_Task directions:_
Transcribe only the stretch of lines that opens with the line containing "Box Universal Brillant" and closes with the last line of the listing, skipping pictures.

_Material provided:_
*** Block opens ***
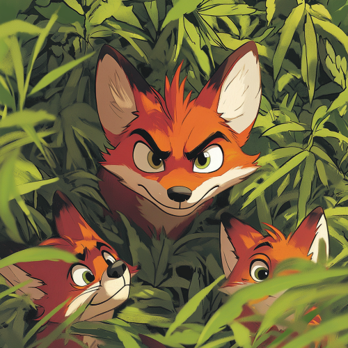 Zane, a sly, sharp-featured fox with red-orange fur and narrowed eyes, sneaks out from the thick, green bushes. His expression is mischievous, and he has a cunning smile on his face. Romy and Niko are standing in the foreground, looking surprised and slightly nervous, with wide eyes. The scene has a sense of tension, but the colors remain vibrant and cartoonish.
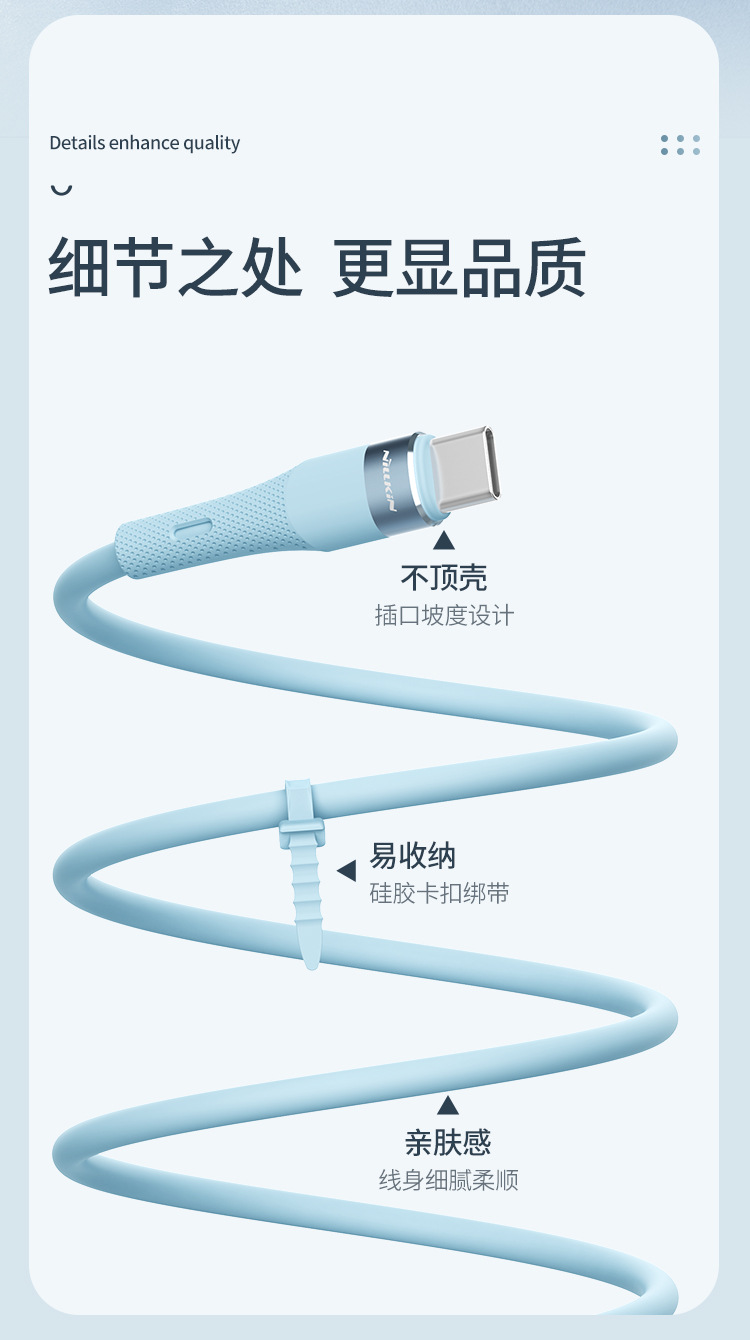 Nillkin nuevo runjie cable de datos de silicona líquida para Apple 14 Android TYPE-C teléfono móvil cable de carga
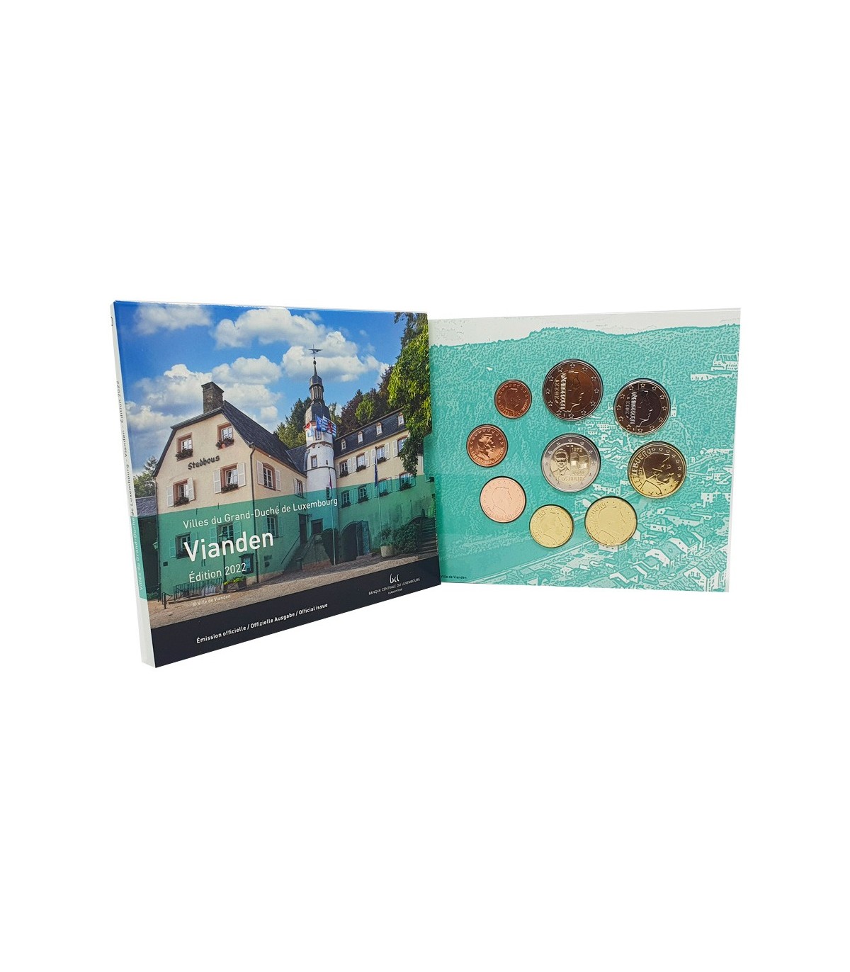 Box Universal Brillant Luxemburg 2022 mit den 8 Münzen des Jahres und der Gedenkmünze 50 Jahre Luxemburger Trikolore , d.h. 9 Münzen.
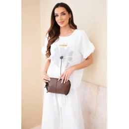 Dámský viskózový komplet s halenkou s potiskem a kalhotami bílý
*** Block closes ***
_The completed task:_
 Box Universal Brillant Luxemburg 2022 mit den 8 Münzen des Jahres und der Gedenkmünze 50 Jahre Luxemburger Trikolore , d.h. 9 Münzen.
 Dámský viskózový komplet s halenkou s potiskem a kalhotami bílý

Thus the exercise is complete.